◆ **INPUT DATA**:
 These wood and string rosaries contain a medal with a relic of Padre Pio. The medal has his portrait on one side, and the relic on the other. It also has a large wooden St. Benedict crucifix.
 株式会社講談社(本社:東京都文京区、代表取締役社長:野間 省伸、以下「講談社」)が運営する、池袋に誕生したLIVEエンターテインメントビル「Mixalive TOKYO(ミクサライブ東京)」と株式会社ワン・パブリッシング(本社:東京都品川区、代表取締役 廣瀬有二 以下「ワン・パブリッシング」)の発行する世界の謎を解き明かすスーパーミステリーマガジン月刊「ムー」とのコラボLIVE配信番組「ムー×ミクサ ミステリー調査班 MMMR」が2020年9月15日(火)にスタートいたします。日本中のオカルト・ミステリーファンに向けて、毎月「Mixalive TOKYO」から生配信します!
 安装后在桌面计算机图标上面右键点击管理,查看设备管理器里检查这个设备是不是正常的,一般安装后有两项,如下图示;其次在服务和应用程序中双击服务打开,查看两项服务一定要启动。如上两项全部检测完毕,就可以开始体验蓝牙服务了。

==

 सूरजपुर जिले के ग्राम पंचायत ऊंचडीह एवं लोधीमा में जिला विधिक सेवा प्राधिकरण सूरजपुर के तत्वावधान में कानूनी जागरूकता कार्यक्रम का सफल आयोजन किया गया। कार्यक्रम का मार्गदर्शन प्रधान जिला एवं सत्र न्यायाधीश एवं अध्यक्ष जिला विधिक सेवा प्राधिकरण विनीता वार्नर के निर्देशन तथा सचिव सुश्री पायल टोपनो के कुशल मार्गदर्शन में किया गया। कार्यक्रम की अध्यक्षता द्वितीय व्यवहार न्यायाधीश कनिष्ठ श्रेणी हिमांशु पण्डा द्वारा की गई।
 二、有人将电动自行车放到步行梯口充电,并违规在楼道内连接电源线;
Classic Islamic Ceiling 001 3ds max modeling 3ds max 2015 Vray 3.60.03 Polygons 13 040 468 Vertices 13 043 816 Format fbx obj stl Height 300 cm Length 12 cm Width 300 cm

◆ **REQUIRED ACTION**: With the first line being the one containing "二、有人将电动自行车放到步行梯口充电,并违规在楼道内连接电源线;" and the last line the one containing "Classic Islamic Ceiling", transcribe exactly the lines above that fall in that range.

◆ **PROBLEM SOLUTION**:
 二、有人将电动自行车放到步行梯口充电,并违规在楼道内连接电源线;
Classic Islamic Ceiling 001 3ds max modeling 3ds max 2015 Vray 3.60.03 Polygons 13 040 468 Vertices 13 043 816 Format fbx obj stl Height 300 cm Length 12 cm Width 300 cm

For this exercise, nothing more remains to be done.